Stored data:
%%

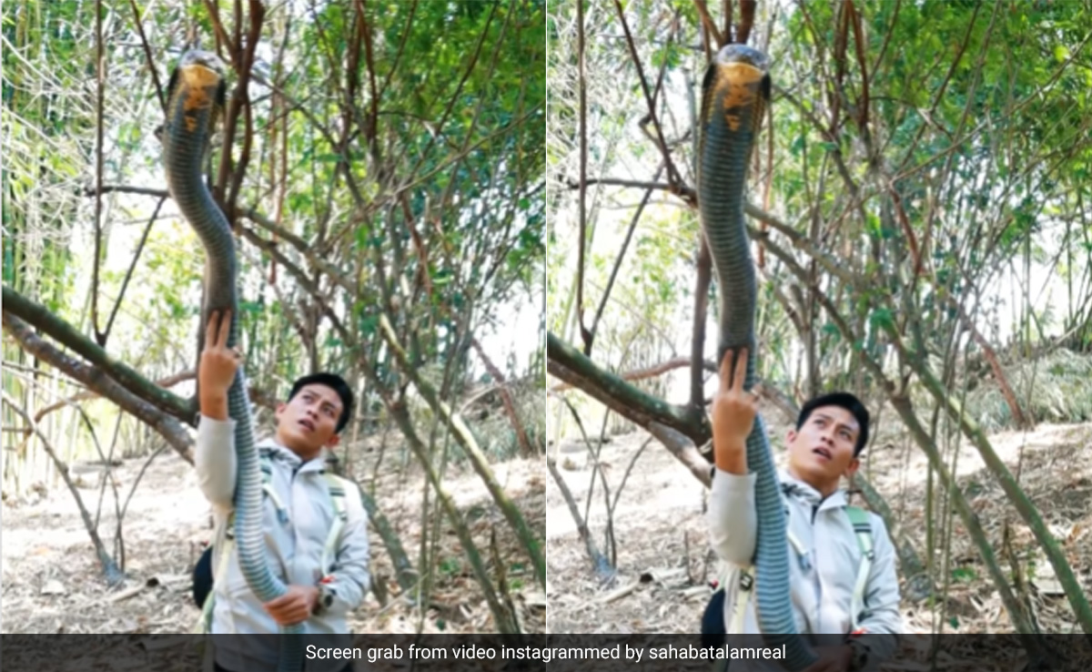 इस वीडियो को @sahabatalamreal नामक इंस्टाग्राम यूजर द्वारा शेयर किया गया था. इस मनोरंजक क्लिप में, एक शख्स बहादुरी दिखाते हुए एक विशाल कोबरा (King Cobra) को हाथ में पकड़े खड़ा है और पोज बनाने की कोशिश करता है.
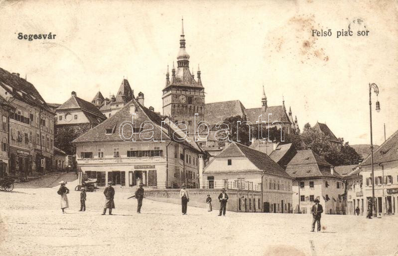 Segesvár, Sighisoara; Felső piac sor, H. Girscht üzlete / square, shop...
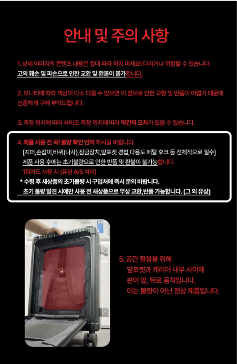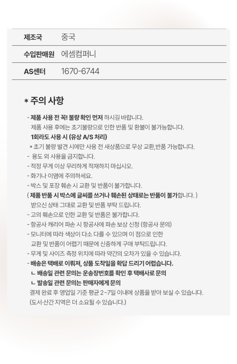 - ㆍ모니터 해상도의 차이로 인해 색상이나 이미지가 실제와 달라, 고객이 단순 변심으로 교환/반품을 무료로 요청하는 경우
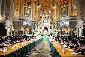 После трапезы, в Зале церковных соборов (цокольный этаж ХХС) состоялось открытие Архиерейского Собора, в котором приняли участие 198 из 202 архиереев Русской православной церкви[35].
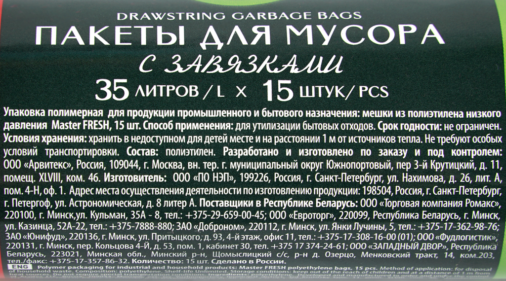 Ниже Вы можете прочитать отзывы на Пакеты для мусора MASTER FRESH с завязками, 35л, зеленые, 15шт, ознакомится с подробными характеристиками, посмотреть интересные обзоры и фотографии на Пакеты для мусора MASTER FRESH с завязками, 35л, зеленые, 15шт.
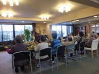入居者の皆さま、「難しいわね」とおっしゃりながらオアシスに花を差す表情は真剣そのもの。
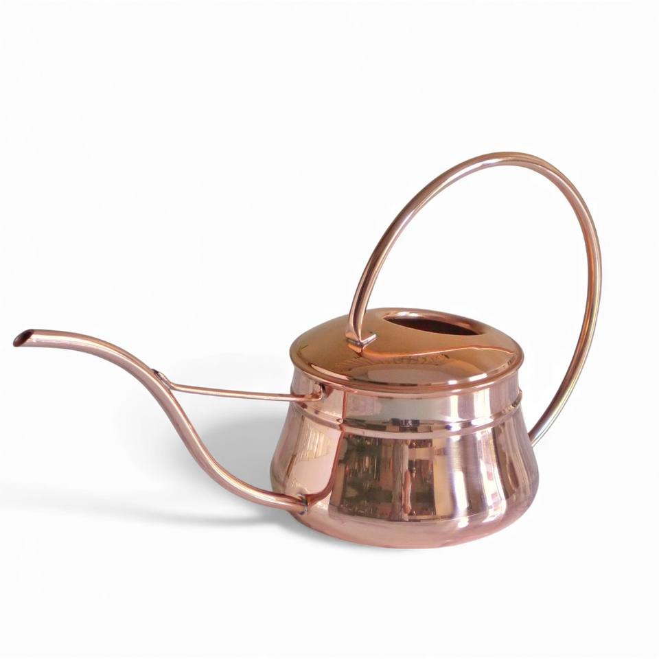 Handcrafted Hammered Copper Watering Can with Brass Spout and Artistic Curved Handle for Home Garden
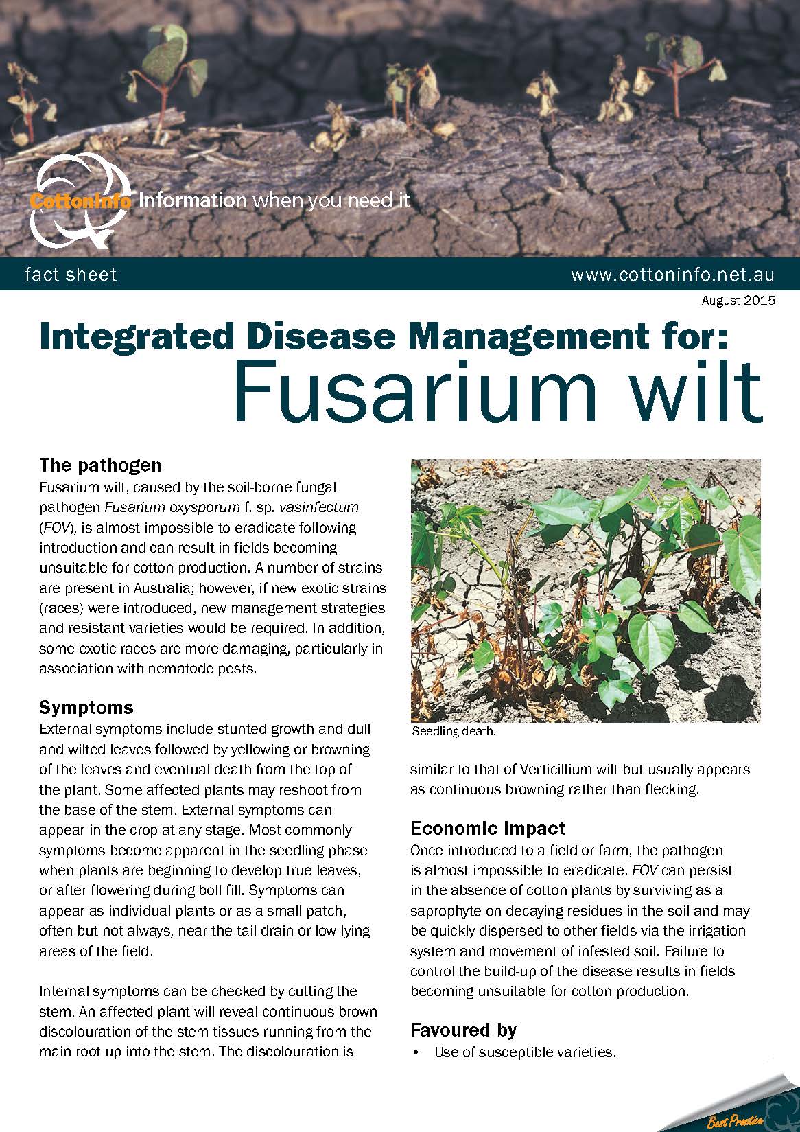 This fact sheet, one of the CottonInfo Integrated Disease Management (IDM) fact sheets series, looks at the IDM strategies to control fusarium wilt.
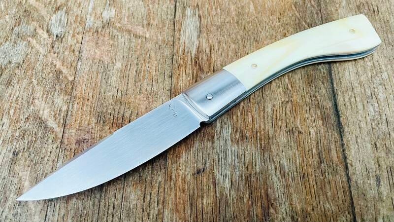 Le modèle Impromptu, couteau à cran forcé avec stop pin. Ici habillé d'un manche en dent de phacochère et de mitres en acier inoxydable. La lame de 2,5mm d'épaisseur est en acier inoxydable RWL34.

%%

What you should do: Find the line with "Segesvár, Sighisoara; Felső" in the data above, and from there retype each line exactly through the line with "入居者の皆さま、「難しいわね", skipping the pictures along the way.

Task output:
 Segesvár, Sighisoara; Felső piac sor, H. Girscht üzlete / square, shop...
 - ㆍ모니터 해상도의 차이로 인해 색상이나 이미지가 실제와 달라, 고객이 단순 변심으로 교환/반품을 무료로 요청하는 경우
 После трапезы, в Зале церковных соборов (цокольный этаж ХХС) состоялось открытие Архиерейского Собора, в котором приняли участие 198 из 202 архиереев Русской православной церкви[35].
 Ниже Вы можете прочитать отзывы на Пакеты для мусора MASTER FRESH с завязками, 35л, зеленые, 15шт, ознакомится с подробными характеристиками, посмотреть интересные обзоры и фотографии на Пакеты для мусора MASTER FRESH с завязками, 35л, зеленые, 15шт.
入居者の皆さま、「難しいわね」とおっしゃりながらオアシスに花を差す表情は真剣そのもの。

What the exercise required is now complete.